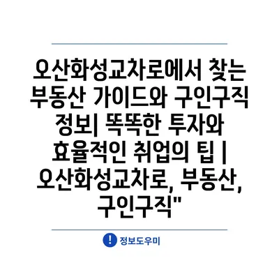 오산화성교차로에서 찾는 부동산 가이드와 구인구직 정보| 똑똑한 투자와 효율적인 취업의 팁 | 오산화성교차로, 부동산, 구인구직”
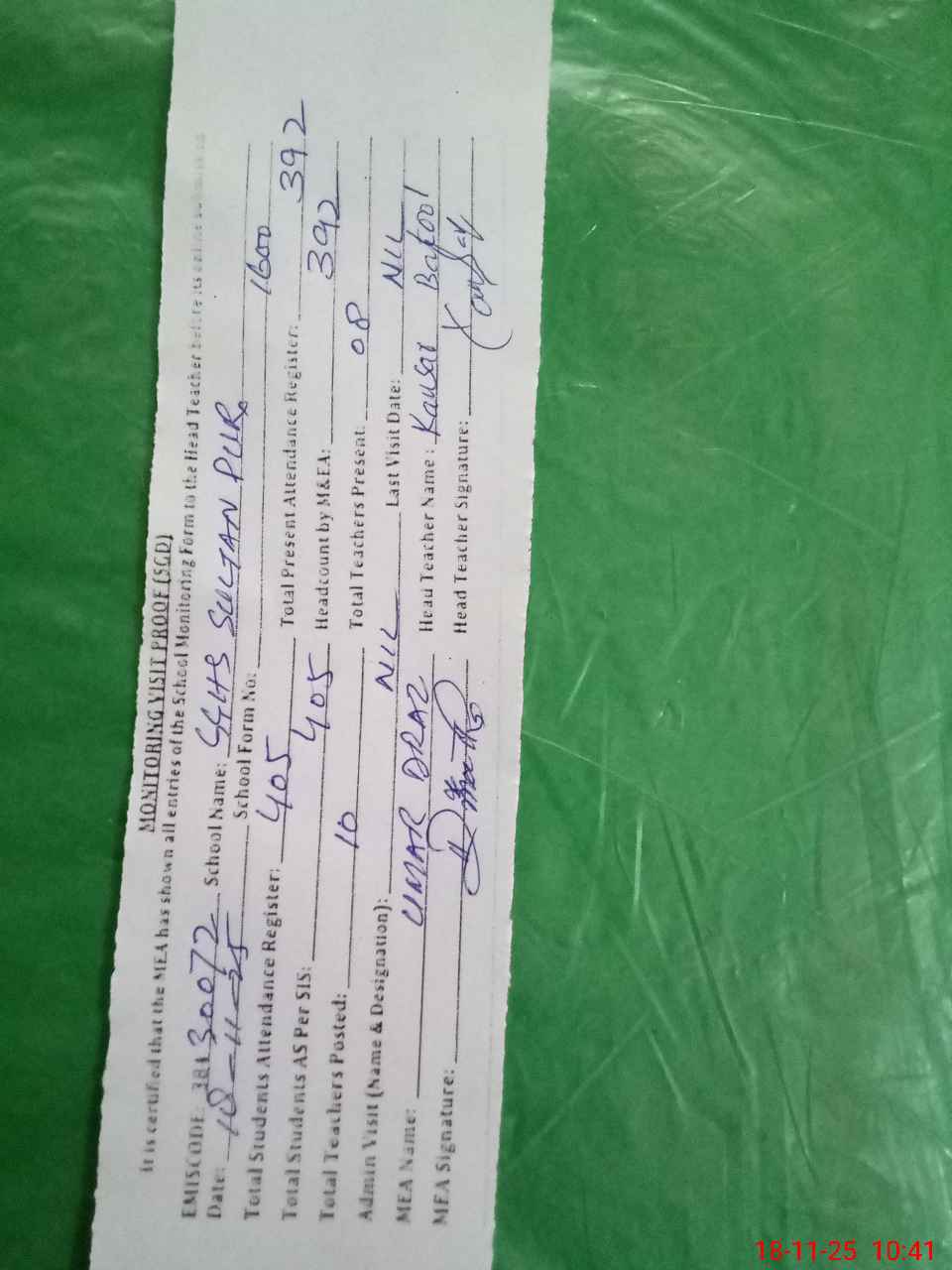 | EMIS Code: 38430072 | Name of School: GGHS SULTAN PUR | |||
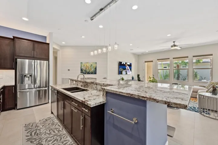 RARE OPPORTUNITY…Highly Customized & Meticulously Maintained Showstopper in CLOSE PROXIMITY to the CLUBHOUSE…Pristine SOLAR Powered Incantare Model (3BR/2.5BA + SmartSpace – 2,278 Sq. Ft. ) Featuring Attached 2-Room Casita & Exceptional Outdoor Living Area. Once you step into the formal entry you’re met with the stunning sense of QUALITY, CHARACTER, AND CHARM. The open great room layout with high ceilings, built-in speakers, sparkling light fixtures, rolling walls of glass and formal dining room is the ideal centerpiece for hosting and entertaining. Spacious kitchen features upgraded lighting, dramatic island with bar seating, stainless steel appliances and upgraded cabinetry. The primary suite features separate vanities, upgraded stone and tile appointments, customized built-in closet and passthrough access to laundry/SmartSpace. The guest bedroom and adjacent powder bath are located off the entry, while the 2-Room Casita with private entrance features cozy sitting room / den with wet-bar and en-suite bedroom with customized walk-in closet. Thoughtful SmartSpace with built-in cabinetry features two work stations with slab counters. Spacious covered patio with built-in speakers, paver decking, 3 retractable awnings, built-in BBQ with Allumawood Pergola and sparkling pool/spa offers ample outdoor entertaining. Customized and air conditioned garage features built-in cabinetry / work station, overhead storage, epoxy flooring, and whole house water purification system. Sonos sound system included. Don’t miss your opportunity to own one of Trilogy Polo’s Finest! Membership transfer available.
+===+
## PROBLEM DESCRIPTION
Your reply should consist of the data, transcribed exactly, and should hold no pictures.

## EXERCISE RESPONSE
 오산화성교차로에서 찾는 부동산 가이드와 구인구직 정보| 똑똑한 투자와 효율적인 취업의 팁 | 오산화성교차로, 부동산, 구인구직”
 | EMIS Code: 38430072 | Name of School: GGHS SULTAN PUR | |||
 RARE OPPORTUNITY…Highly Customized & Meticulously Maintained Showstopper in CLOSE PROXIMITY to the CLUBHOUSE…Pristine SOLAR Powered Incantare Model (3BR/2.5BA + SmartSpace – 2,278 Sq. Ft. ) Featuring Attached 2-Room Casita & Exceptional Outdoor Living Area. Once you step into the formal entry you’re met with the stunning sense of QUALITY, CHARACTER, AND CHARM. The open great room layout with high ceilings, built-in speakers, sparkling light fixtures, rolling walls of glass and formal dining room is the ideal centerpiece for hosting and entertaining. Spacious kitchen features upgraded lighting, dramatic island with bar seating, stainless steel appliances and upgraded cabinetry. The primary suite features separate vanities, upgraded stone and tile appointments, customized built-in closet and passthrough access to laundry/SmartSpace. The guest bedroom and adjacent powder bath are located off the entry, while the 2-Room Casita with private entrance features cozy sitting room / den with wet-bar and en-suite bedroom with customized walk-in closet. Thoughtful SmartSpace with built-in cabinetry features two work stations with slab counters. Spacious covered patio with built-in speakers, paver decking, 3 retractable awnings, built-in BBQ with Allumawood Pergola and sparkling pool/spa offers ample outdoor entertaining. Customized and air conditioned garage features built-in cabinetry / work station, overhead storage, epoxy flooring, and whole house water purification system. Sonos sound system included. Don’t miss your opportunity to own one of Trilogy Polo’s Finest! Membership transfer available.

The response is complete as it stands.